What is required:
Repeat all the lines below exactly, but omit the pictures.

The data:

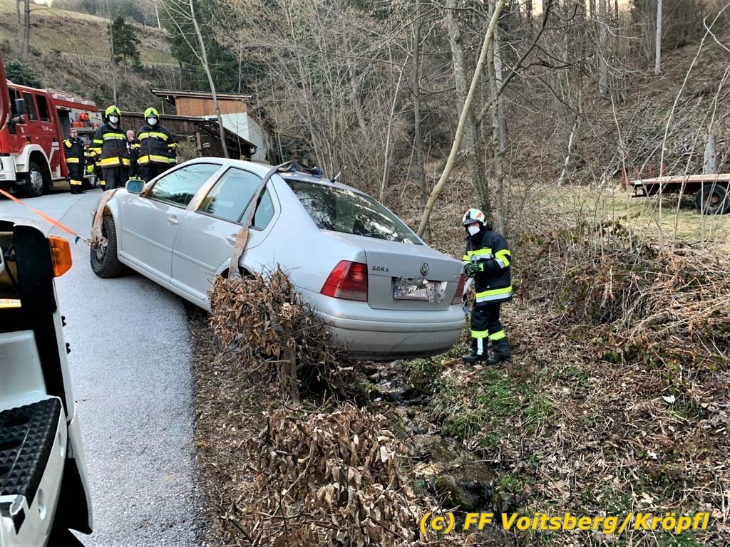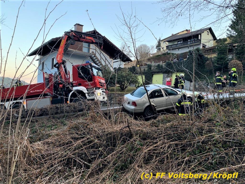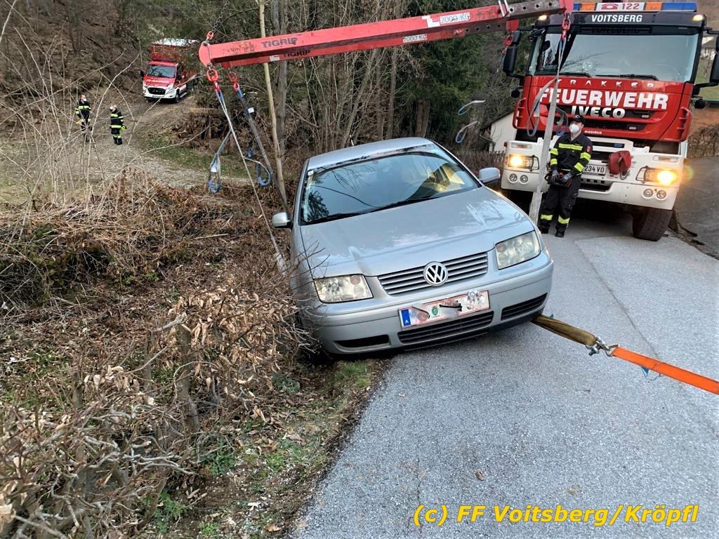 VOITSBERG, am 26.03.2021 Die FF Voitsberg wurde über Anforderung der einsatzleitenden FF Afling zu einer Fahrzeugbergung alarmiert. Ein Pkw kam von der Straße ab und drohte abzustürzen.
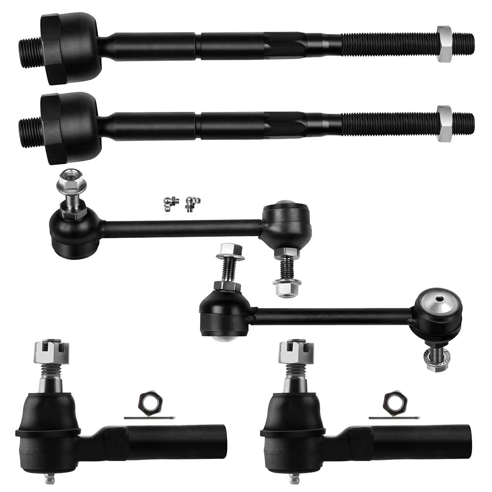 [SUSPENSION KIT FITMENT] 2004-2005 for Chevrolet Colorado,2004-2005 for GMC Canyon. [SUSPENSION SYSTEM FUNCTION] Suspension system transmits the force and force twist acting between the wheel and the frame, buffering the impact force transmitted from the uneven road surface to the frame or the body, and attenuating the vibration caused thereby. [SUSPENSION PARTS FEATURES] Made from forged steel, with plastic insert, filled with grease, Parts are phosphatized to ensure strength and enhance aesthetics. [SUSPENSION KIT CONTAINS] 2 EV80433 Front Inner Tie Rod End, 2 ES80761 Front Outer Tie Rod End, 1 K80582 Front Sway Bar End Link - Driver Side, 1 K80583 Front Sway Bar End Link - Passenger Side.Other fine products
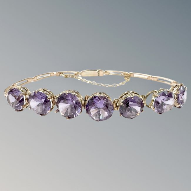 A gold and amethyst bracelet, the seven amethysts in raised claw settings, on segmented links with safety chain.

Solution:
 VOITSBERG, am 26.03.2021 Die FF Voitsberg wurde über Anforderung der einsatzleitenden FF Afling zu einer Fahrzeugbergung alarmiert. Ein Pkw kam von der Straße ab und drohte abzustürzen.
 [SUSPENSION KIT FITMENT] 2004-2005 for Chevrolet Colorado,2004-2005 for GMC Canyon. [SUSPENSION SYSTEM FUNCTION] Suspension system transmits the force and force twist acting between the wheel and the frame, buffering the impact force transmitted from the uneven road surface to the frame or the body, and attenuating the vibration caused thereby. [SUSPENSION PARTS FEATURES] Made from forged steel, with plastic insert, filled with grease, Parts are phosphatized to ensure strength and enhance aesthetics. [SUSPENSION KIT CONTAINS] 2 EV80433 Front Inner Tie Rod End, 2 ES80761 Front Outer Tie Rod End, 1 K80582 Front Sway Bar End Link - Driver Side, 1 K80583 Front Sway Bar End Link - Passenger Side.Other fine products
 A gold and amethyst bracelet, the seven amethysts in raised claw settings, on segmented links with safety chain.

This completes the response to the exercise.